After locating the line with "TOPOINT Sleep Mask" in the entries below, output it and each following line up to and including the line with "- For the last", exactly and without pictures.

▶ **Information given**:
▼▼▼
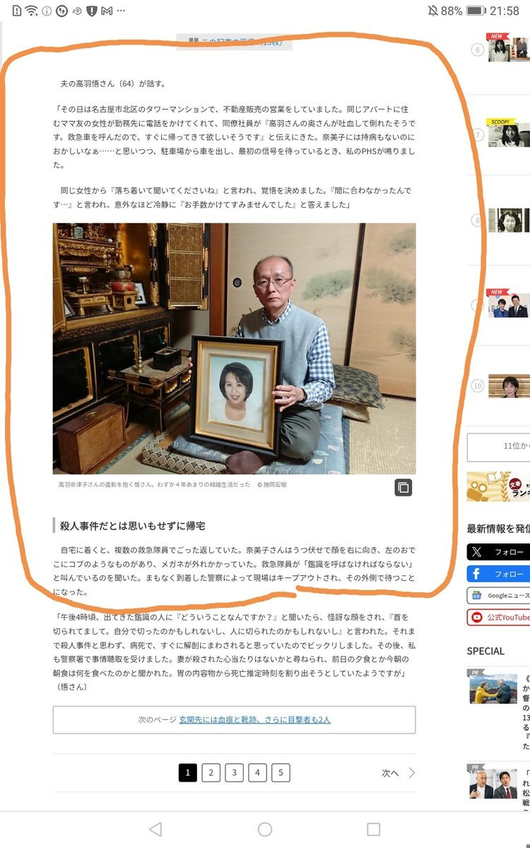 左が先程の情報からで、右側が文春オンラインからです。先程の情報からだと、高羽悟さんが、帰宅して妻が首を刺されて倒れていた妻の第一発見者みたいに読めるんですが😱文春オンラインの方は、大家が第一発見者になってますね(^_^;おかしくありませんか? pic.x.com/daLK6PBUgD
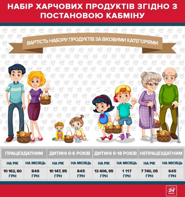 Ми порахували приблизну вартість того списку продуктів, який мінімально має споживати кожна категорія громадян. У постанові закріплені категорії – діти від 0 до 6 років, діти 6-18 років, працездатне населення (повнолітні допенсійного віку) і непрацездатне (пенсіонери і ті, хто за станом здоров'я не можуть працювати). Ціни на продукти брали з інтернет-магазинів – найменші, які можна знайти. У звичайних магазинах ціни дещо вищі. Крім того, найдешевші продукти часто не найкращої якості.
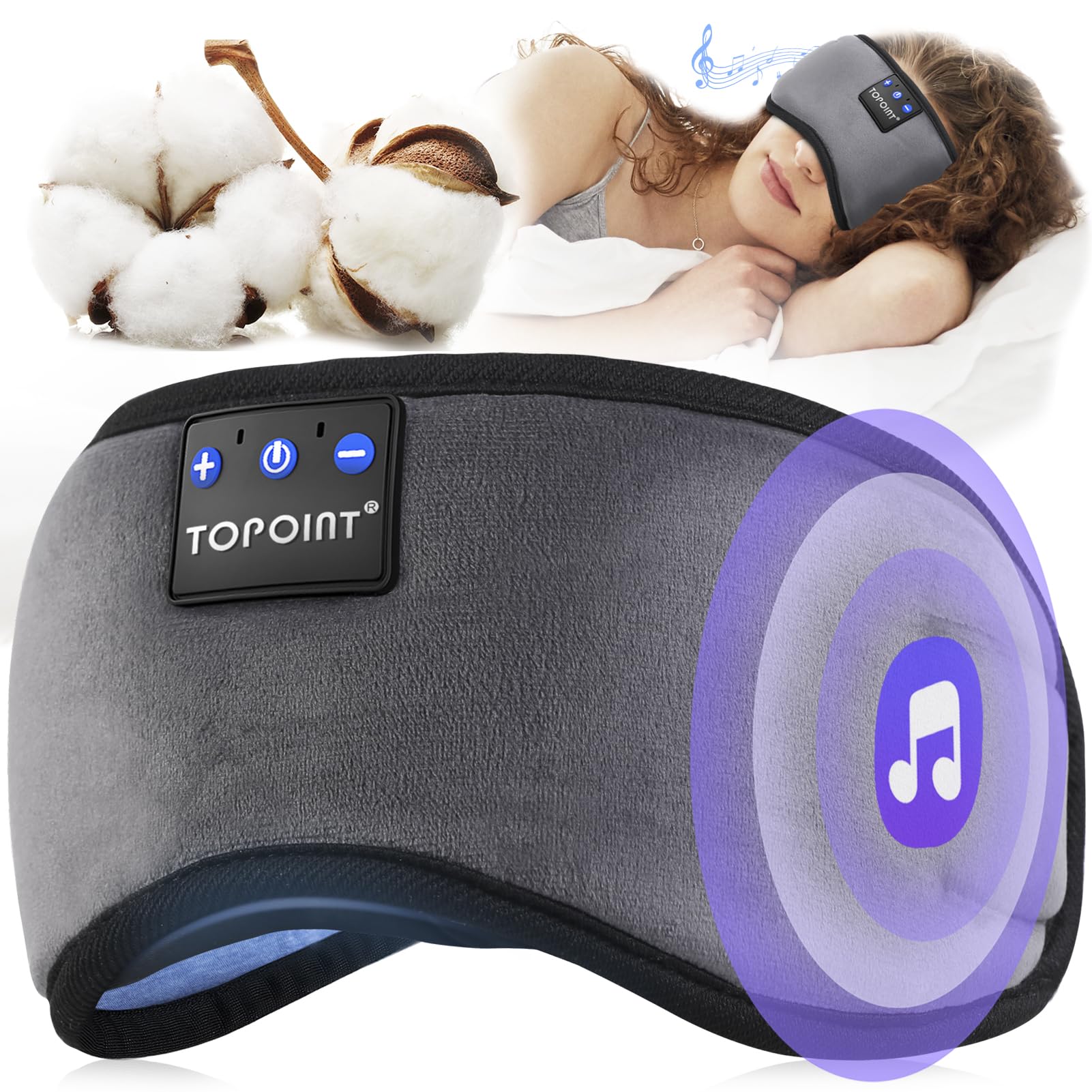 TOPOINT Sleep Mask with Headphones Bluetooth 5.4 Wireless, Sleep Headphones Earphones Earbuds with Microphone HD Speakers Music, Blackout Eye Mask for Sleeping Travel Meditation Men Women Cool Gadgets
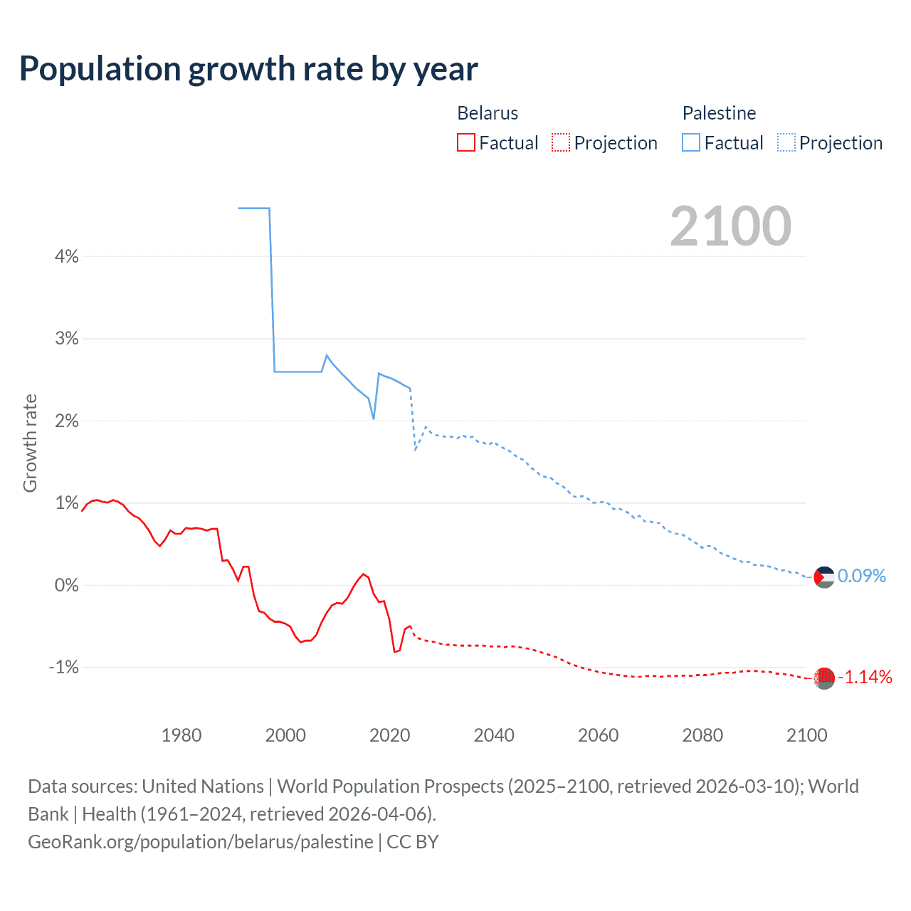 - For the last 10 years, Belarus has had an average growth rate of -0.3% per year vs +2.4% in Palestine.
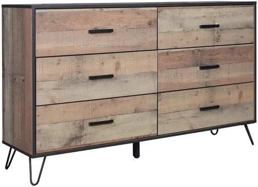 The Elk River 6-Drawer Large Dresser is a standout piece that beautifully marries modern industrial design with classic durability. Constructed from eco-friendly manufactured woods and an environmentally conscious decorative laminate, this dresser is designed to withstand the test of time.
▲▲▲
▼▼▼
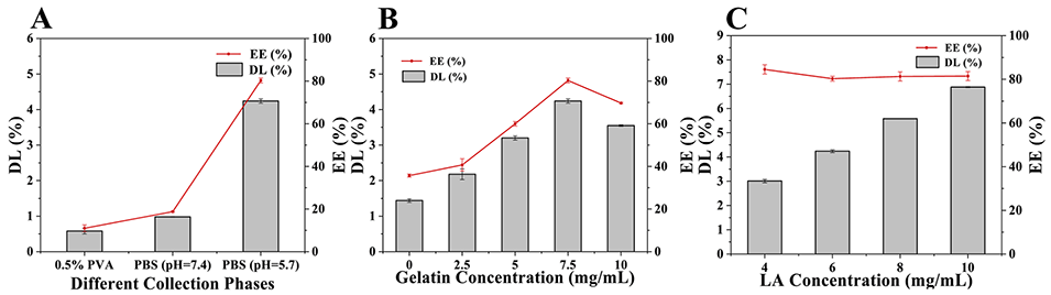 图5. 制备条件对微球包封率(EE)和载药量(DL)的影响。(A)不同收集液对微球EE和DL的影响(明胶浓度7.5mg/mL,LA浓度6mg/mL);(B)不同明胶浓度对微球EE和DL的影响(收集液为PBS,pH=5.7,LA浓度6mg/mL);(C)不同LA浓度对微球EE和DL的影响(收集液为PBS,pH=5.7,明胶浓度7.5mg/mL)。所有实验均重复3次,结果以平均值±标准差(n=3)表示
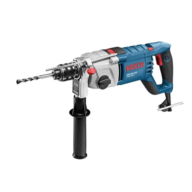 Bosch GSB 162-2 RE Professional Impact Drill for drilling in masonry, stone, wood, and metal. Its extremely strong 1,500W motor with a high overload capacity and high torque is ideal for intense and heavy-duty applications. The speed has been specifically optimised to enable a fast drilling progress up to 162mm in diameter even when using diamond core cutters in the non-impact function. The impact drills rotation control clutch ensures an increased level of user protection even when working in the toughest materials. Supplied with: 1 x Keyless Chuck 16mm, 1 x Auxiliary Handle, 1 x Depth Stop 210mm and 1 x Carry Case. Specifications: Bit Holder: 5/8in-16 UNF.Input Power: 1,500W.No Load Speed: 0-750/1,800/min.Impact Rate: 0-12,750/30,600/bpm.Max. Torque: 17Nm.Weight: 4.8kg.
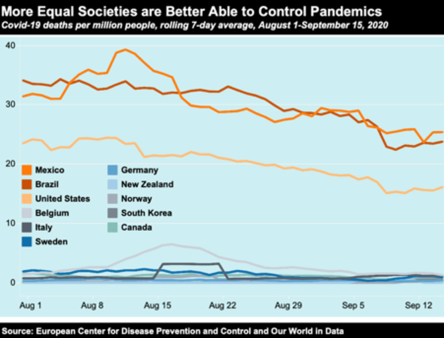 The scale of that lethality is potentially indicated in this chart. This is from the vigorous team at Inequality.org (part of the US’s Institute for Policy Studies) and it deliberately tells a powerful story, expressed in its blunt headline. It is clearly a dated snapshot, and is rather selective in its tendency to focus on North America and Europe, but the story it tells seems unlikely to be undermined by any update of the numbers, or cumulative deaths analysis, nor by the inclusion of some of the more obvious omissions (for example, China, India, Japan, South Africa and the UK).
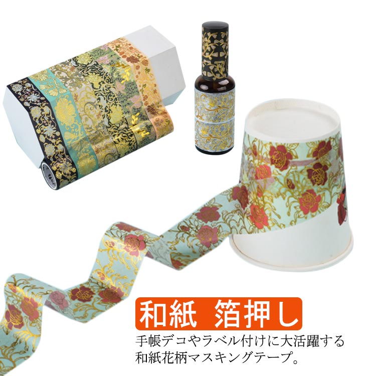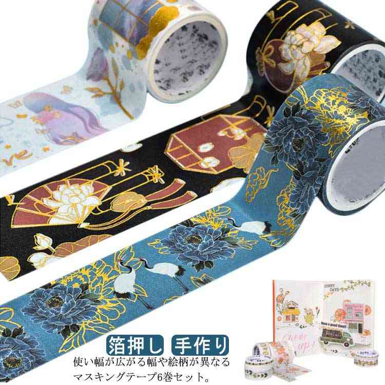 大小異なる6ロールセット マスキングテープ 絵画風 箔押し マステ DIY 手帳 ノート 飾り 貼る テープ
▲▲▲
▶ **Written response**:
 TOPOINT Sleep Mask with Headphones Bluetooth 5.4 Wireless, Sleep Headphones Earphones Earbuds with Microphone HD Speakers Music, Blackout Eye Mask for Sleeping Travel Meditation Men Women Cool Gadgets
 - For the last 10 years, Belarus has had an average growth rate of -0.3% per year vs +2.4% in Palestine.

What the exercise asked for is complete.